Around 270 people have taken part in the conversations so far but they hope that hundreds more will be added up until the end of November.
The recordings took place in weekly session over several months at St Giles as well as in libraries and community centres, with volunteers trained on how to use equipment and guide the conversation.
Ms Irvine added: “We ask about belonging, and connection and community and people have really different ideas about what these things are.
“Quite early on just asking people about those terms was incredibly rich.
“There are things people have in common but many things which are individual.
"Between 20 minutes and 45 minutes turns out to have been the natural 900 Voices conversation length. Some conversations that last 10 minutes, there’s one conversation that lasted three hours.
“We have a basic structure but what we have tried to be is good listeners, to be curious and empathetic.
“People have talked about really difficult things too – about recovering from alcoholism, health challenges, about racism, about prejudice – because in order to talk about belonging people have sometimes had to talk about not belonging.”
The event will be open to the public every Wednesday from 4pm-6pm and there will also be a final event in December.
Ms Irvine revealed the entire project is built around the cathedral’s layout and acoustics as well as the technical equipment already on the site.
She added: “The space of the cathedral is completely integral and the installation has been designed technically and aesthetically for St Giles.
“Cathedral architecture is an incredible amplifier. To be able to do it thoroughly, to be able to do it well was amazing. We’ve got hundreds of hours of recordings.

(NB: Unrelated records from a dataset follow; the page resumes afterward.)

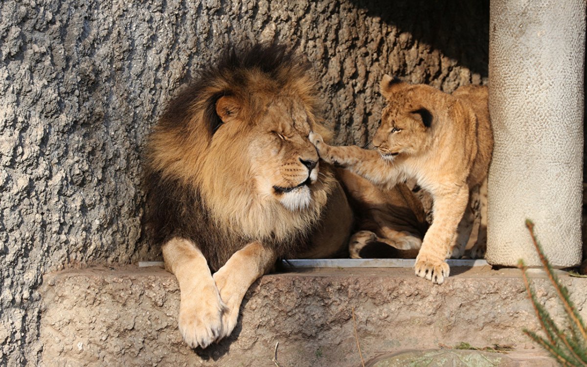 Лев с детенышем фото
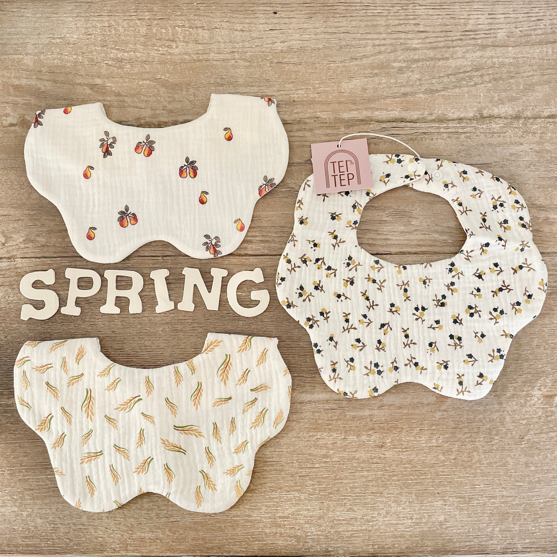 Our muslin bibs are an easy, practical and trendy solution to drooling/teething babies.
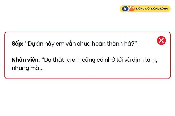 Đôi khi, vì sợ bị Sếp khiển trách hoặc phê bình, nên chúng ta có xu hướng sẽ giải thích nhiều hơn mức cần thiết, từ đó dẫn tới tình huống nói chuyện lan man. Nhưng điều đó lại không hiệu quả.
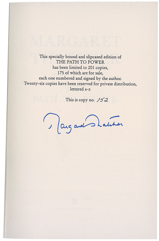 Signed book: Path to Power. Limited first US edition of 201 copies (this being No. 152). NY: HarperCollins, 1995. Hardcover with slipcase, 6.5 x 9.25, 656 pages. Signed on the colophon in blue ink. In fine condition, with a couple trivial spots to front cover. RR Auction COA.
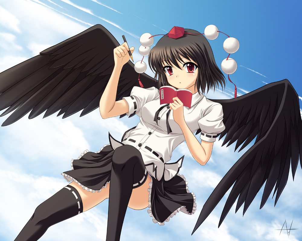 1girlblack hairblack wingsbreastsclouddayfemale focusflyinghatlooking at viewernotebookoutdoorspencilred eyesskirtskysolothighhighstokin hatwingswooden pencil
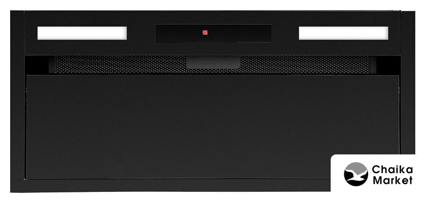 конструкция скрытая, монтаж для встраивания, ширина 89.7 см, управление сенсорное, производительность мотора 1050 м³/ч, цвет черный
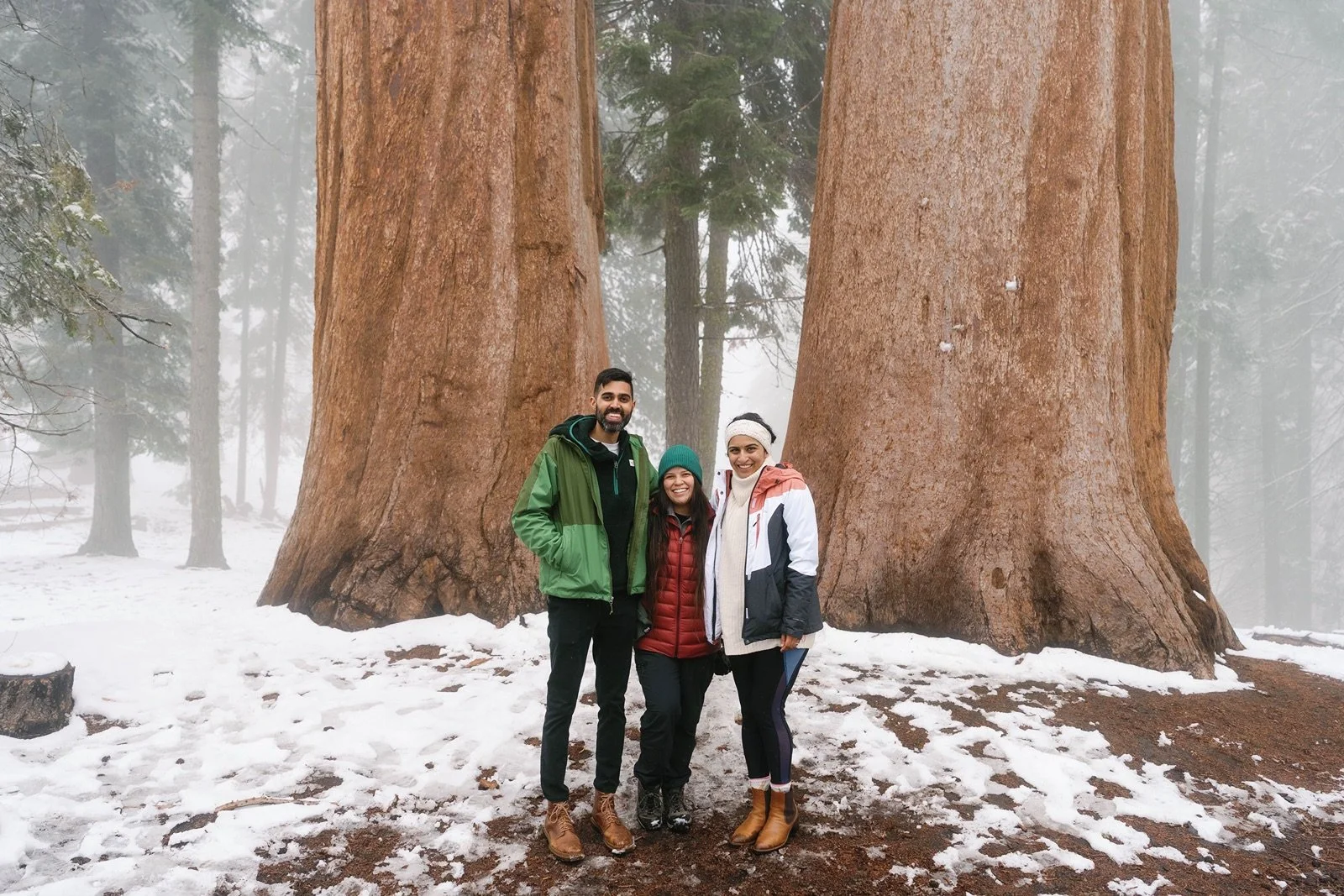 Tejas originally planned to propose at sunrise, which is such a magical time for Sequoia National Park proposal photos, but Mother Nature had other plans. A surprise snowstorm swept in and completely changed the vibe of the day. Luckily, being a local Sequoia photographer means I know how to shift fast!! I always have a backup plan or two ready to go. We decided to push their session to midday instead, and honestly, it ended up being even more perfect than the original plan.
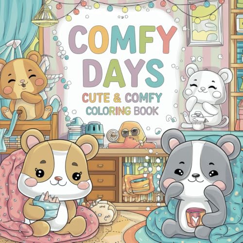 Comfy Days: Cute and Comfy Coloring Book for Adults and Teens with Featuring Super Cute Animal Characters in Cozy Hygge Moments for Relaxation
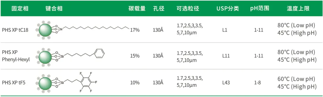 PHS XP系列色谱柱采用表面带电荷的杂化硅胶技术,为碱性化合物提供对称、卓越的峰形。表面微量正电荷在低离子强度的分离体系中与被电离的碱性化合物相互排斥,抑制了碱性化合物和残留硅醇基的离子交换作用,达到改善碱性化合物峰形的目的。该系列色谱柱提供从UPLC/UHPLC、HPLC到制备色谱的规格,从而使方法开发、方法转移更高效更有连续性。
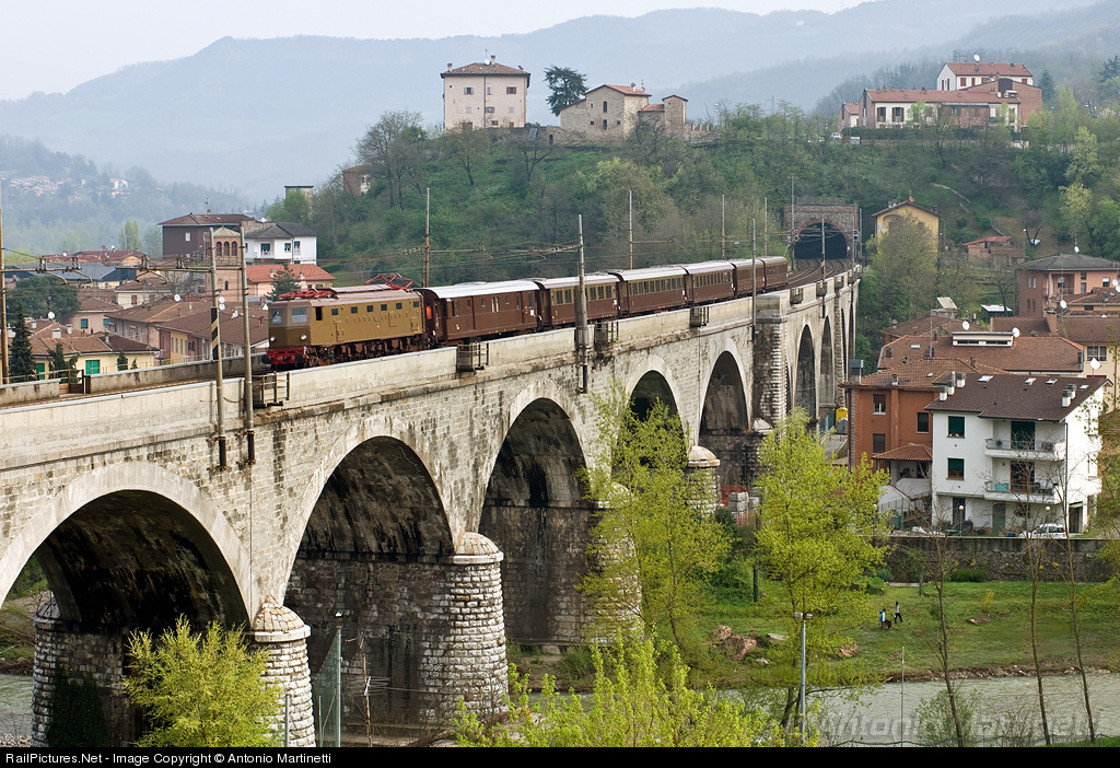 | An historic train organized on the 80th anniversary of "Direttissima" Bologna-Firenze line, across the Appennines. E 428 202 is seen on the viaduct dominating Monzuno village, on the northern ramp towards the 18 km summit tunnel. |
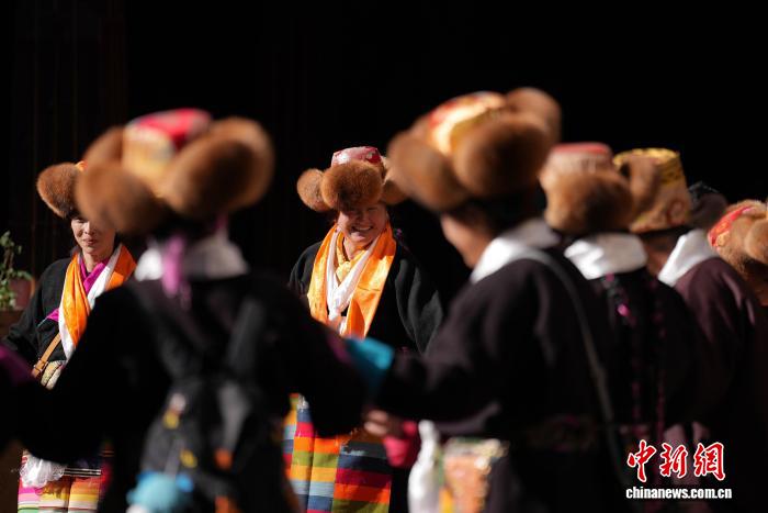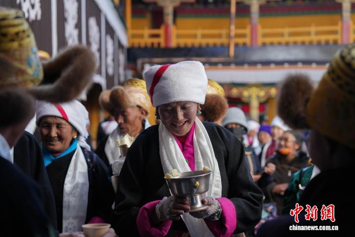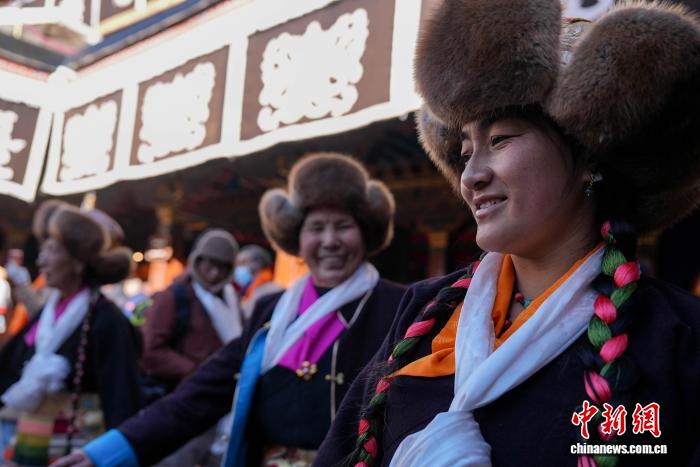 11月28日,隨著藏歷十月十五白拉姆節(jié)臨近,連日來,拉薩及周邊信眾身著色彩艷麗的藏裝節(jié)日盛裝,手持從家中精心準備的頭等青稞酒、新收的青稞及新鮮水果,陸續(xù)前往大昭寺、色拉寺、哲蚌寺等寺廟朝拜祈福。大昭寺內,信眾敬獻供品后載歌載舞,歌聲悠揚、舞步輕快,盡顯節(jié)日喜悅。白拉姆節(jié)又稱 “仙女節(jié)”。相傳,白拉姆是拉薩地區(qū)的保護神,是藏傳佛教最高護法神之一班丹拉姆的女兒。白拉姆曾與大昭寺護法神赤尊贊相互愛慕并私定終身,其母親班丹拉姆發(fā)現(xiàn)后,赤尊贊被趕到拉薩河南岸,每逢藏歷十月十五日,二人才能隔河相見一次。圖為白拉姆節(jié)臨近之際,信眾在大昭寺內敬獻供品后載歌載舞的場景。貢確 攝
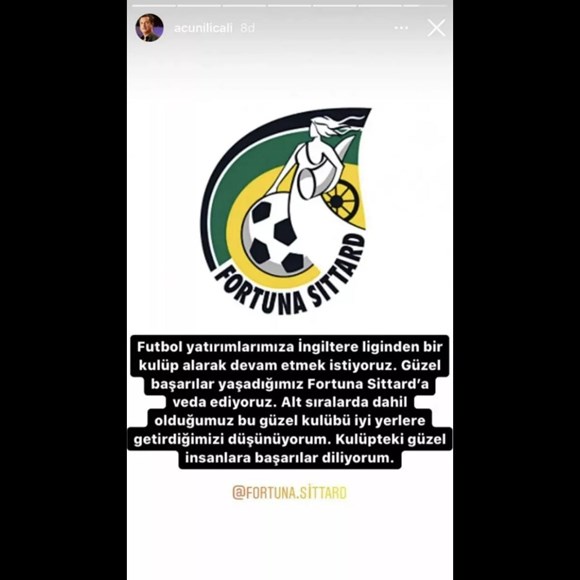 Acun ılıcalı hollanda liginden fortuna sittard takımına yatırım yapmıştı belki bilirsiniz sizde arkadaşlar. Sosyal medya paylaşımı ile veda etti kulübe ve ingiltere'den bir takıma yatırım yapacak. Adam king ya. Biz telefonda yada bilgisayarda futbol manager oyunu oynarız adam takım alıyor. Helal valla acun abi.
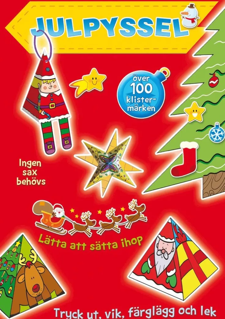 Julpyssel-Låt barnen vara med och göra juldekorationerna i den här färgglada boken med förstansade figurer som är enkla att sätta ihop och över 100 klistermärken -det blir en mysig pysselstund.
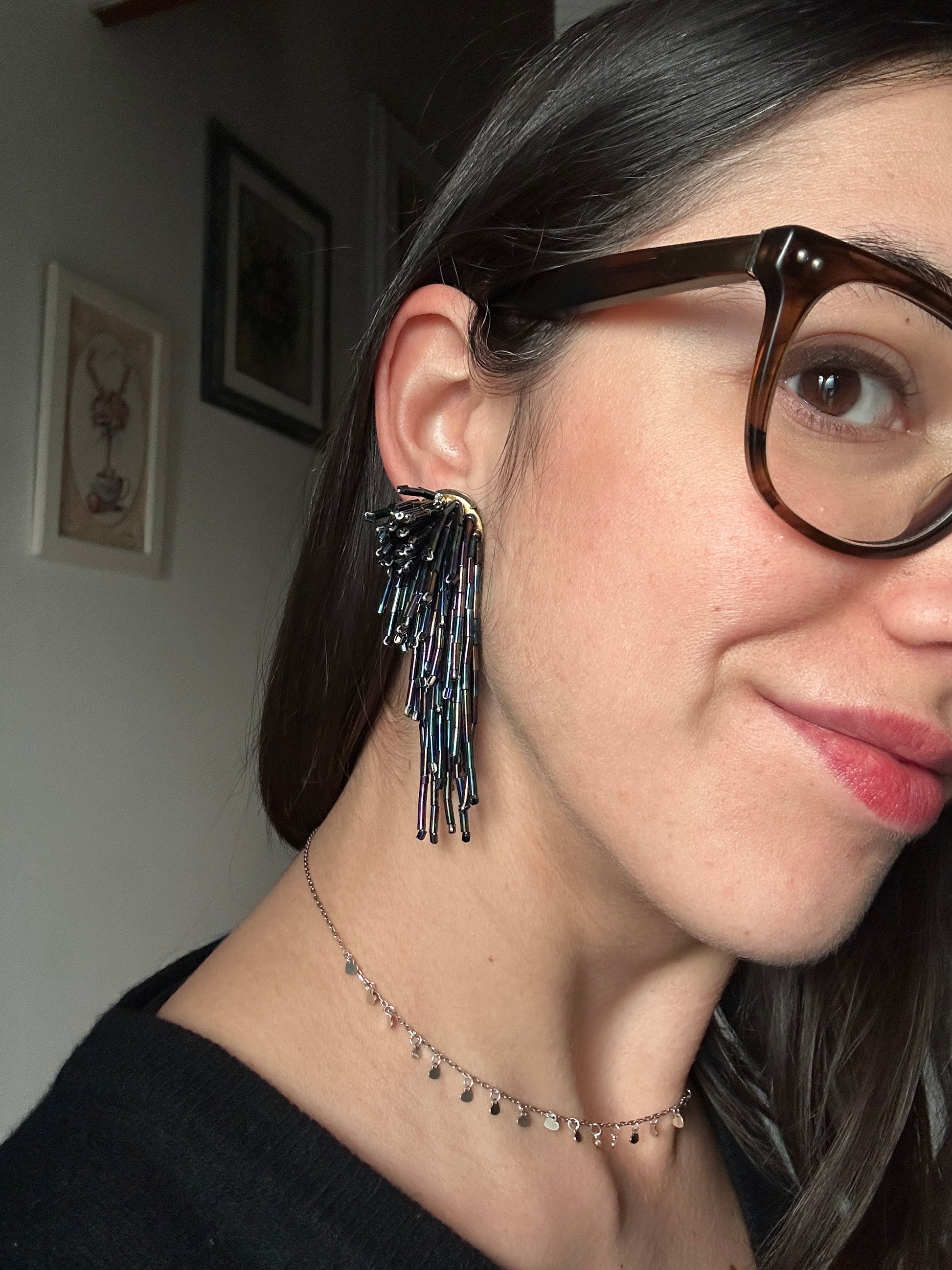 Le perline sono montate su fili più corti sul lobo e man mano che scendono i fili diventano più lunghi, creando un’effetto cascata.

"The installation aims to immerse listeners in these voices, rather than a linear listening, which with so many hours would be overwhelming.
"In this way too a depth of engagement with the themes is more possible.
“Hopefully we’ll get a real sense of something about Edinburgh – what our community is, what we are part of.”
Rev Dr George Whyte, who is the interim moderator of St Giles’, added: "For 900 years the voices of so many people have echoed round the walls of the Cathedral.
“It is entirely fitting that as we pass this milestone we hear each other talk about the things which matter to us and which we hold in common."
A service of thanksgiving and dedication for the international Festival will take place on Sunday 4 August at St Giles.